Осторожно протиснувшись чуть-чуть вправо, Евпраксия оказалась рядом с княжной Марицей, старшей дочерью Мономаха. Она стояла бок о бок со своим мужем-слепцом и чем-то была очень недовольна. Возможно, всем. Как всегда.

– Марица, ты слышала про мою беду? – шепнула ей на ухо старшая дочь Путяты, крестясь как можно неистовее.

– Боярыня, уступи мне все свои беды вместо одной моей, и я буду счастлива, – с гневом произнесла законная правнучка Ярослава в ответ на жалобу не вполне законной, – честное слово, Евпраксия, ты – ребёнок! Тебе не стыдно?

– Княжна! В той книге, которую ты сейчас слушала стоя, сказано, что Царствие Небесное принадлежит детям.

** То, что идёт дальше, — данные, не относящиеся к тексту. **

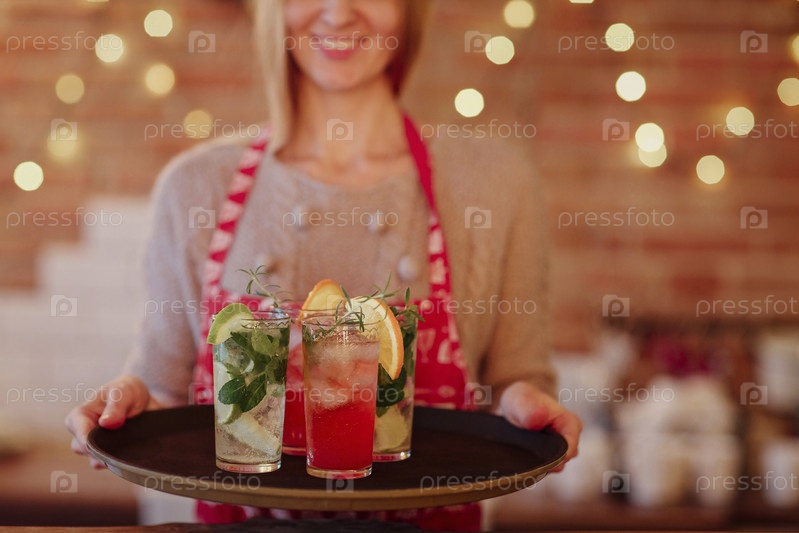 Улыбающаяся официантка в цветном фартуке держит поднос с алкогольными напитками и различными коктейлями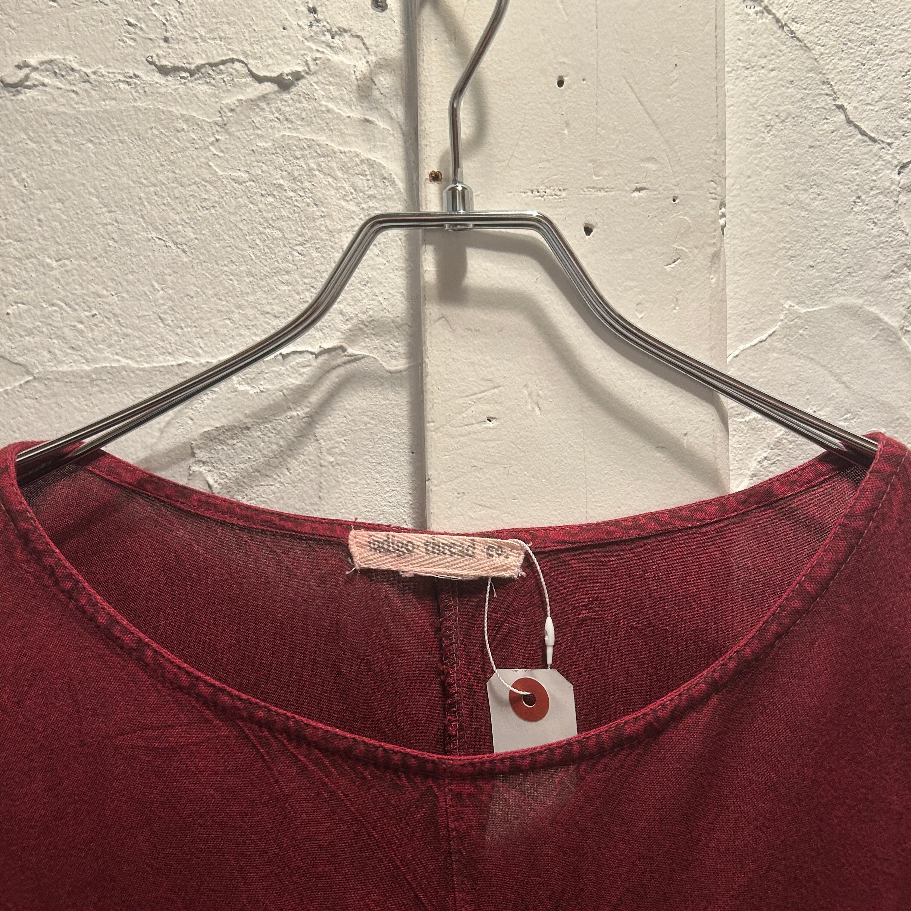 深みのあるボルドーカラーに、胸元から裾へ流れるボタニカル刺繍と繊細なレースが映える、存在感たっぷりの一枚です。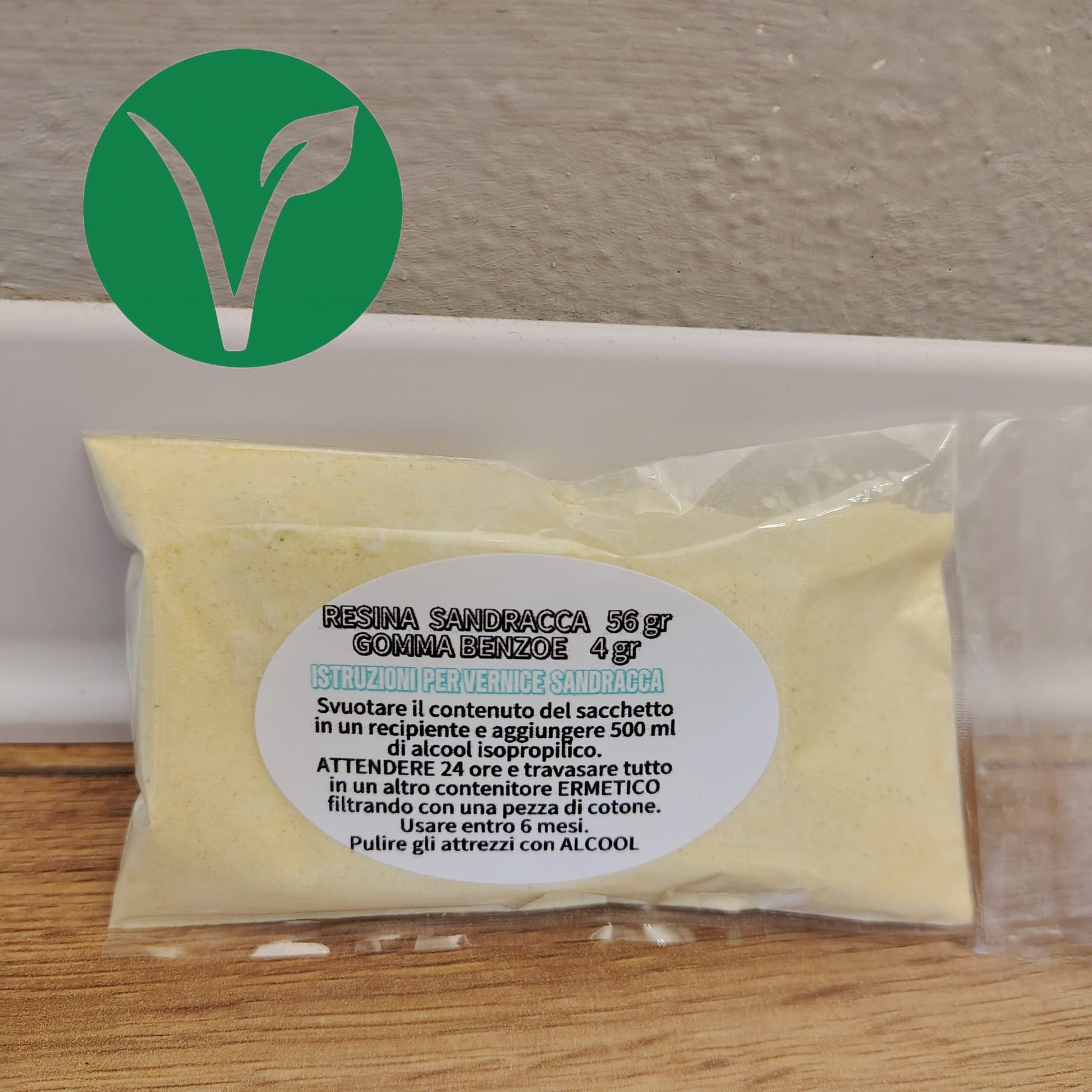 ISTRUZIONI PER QUESTO KIT: il kit è composto da 500 ml di alcool isopropilico, 56 gr di Resina Sandracca e 4 gr di Gomma Benzoe.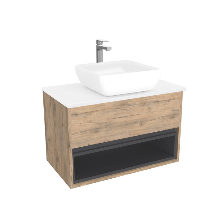 Pohlheim Badkamermeubel 80 cm Dorado - Onderkast MDF - Softclose Greeploos 1 lade Inclusief keramische waskom met wastafelblad

Хор что-то пел. Святые угодники сквозь мерцание восковых свечей пригвождали взглядами к трепету и смирению. Поп и два басовитых дьякона что-то мрачно бубнили, размахивая кадилами. Всё это почему-то делало всех серьёзными. Даже очень.

Пользуясь тем, что Меланья захлёбывается слезами и глядит вверх, на прекрасноликого юношу с ангельскими крылами, Евпраксия начала мотаться по всему храму. Но все её друзья и приятели, так желавшие накануне видеть её заплаканное лицо, один за другим отказывались её выслушивать, потому что на них взирал с высоты архангел по имени Михаил. Ирина, двоюродная сестра Фомы Ратиборовича, даже пригрозила ей каким-то небесным громом, а молодой тысяцкий Еловец сказал, что сейчас пожалуется игуменье Янке. Как раз в этот самый миг игуменья Янка, стоявшая с несколькими монахинями левее, Евпраксию и заметила, скосив взгляд. Поманила пальцем. Пришлось Забаве Путятишне подойти к своей очень строгой сорокалетней тётушке и припасть губами к её руке, по сто раз облизанной всеми киевскими невестами.

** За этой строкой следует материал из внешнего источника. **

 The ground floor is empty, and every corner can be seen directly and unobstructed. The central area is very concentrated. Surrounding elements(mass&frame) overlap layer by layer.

– После службы ты и Меланья пойдёте ко мне обедать, – сухо распорядилась госпожа Янка, – у меня много есть что сказать вам обеим.

– Хорошо, тётенька, – пропищала Евпраксия и попятилась, опустив глаза. Но, как только тётенька отвернулась, со стороны виновницы её гнева вновь начались попытки испортить всем настроение. Все по-прежнему её гнали. И только юная белокурая Светозара, сестра Ратмира и дочь боярина Туки, нежно взяла скандальную вдову за руку.

– Ах, Евпраксия! Если ты уже направляешься к выходу, я – с тобой! Что-то у меня голова начала кружиться!

– Идём, – обрадовалась Евпраксия. Не хотела она, конечно, покидать храм раньше причащения, но как было не помочь хрупкой и бледной девице, никогда не имевшей греховных помыслов? По пути к дверям две подлые твари самым коварным образом утянули вслед за собой премудрую Василису Микулишну, хоть Настасья сказала ей, указав глазами на широченную спину отца:

– Василиса, знай: если ты раньше евхаристии удерёшь, то батюшка завтра отправит тебя к Меланье, как обещал!

– Мне будет приятно эту визгливую длинноносую цаплю перемудрить, – хихикнула Василиса, и храм был ею покинут.

Выйдя на паперть, три красны девицы увидали возле неё двух всадников, опоздавших даже уже и не к середине церковной службы. Они сходили с коней, а тех уже подхватили отроки-чернецы, обязанностью которых было прислуживать прихожанам такого ранга, какой имели два всадника. Это были мрачный патрикий Михаил Склир и плясун, озорник, балагур Алёша Попович. Для трёх подруг осталось неясным, подъехали ли они к церкви вместе или поврозь. Первое, пожалуй, было бы удивительно, ибо что между ними могло быть общего?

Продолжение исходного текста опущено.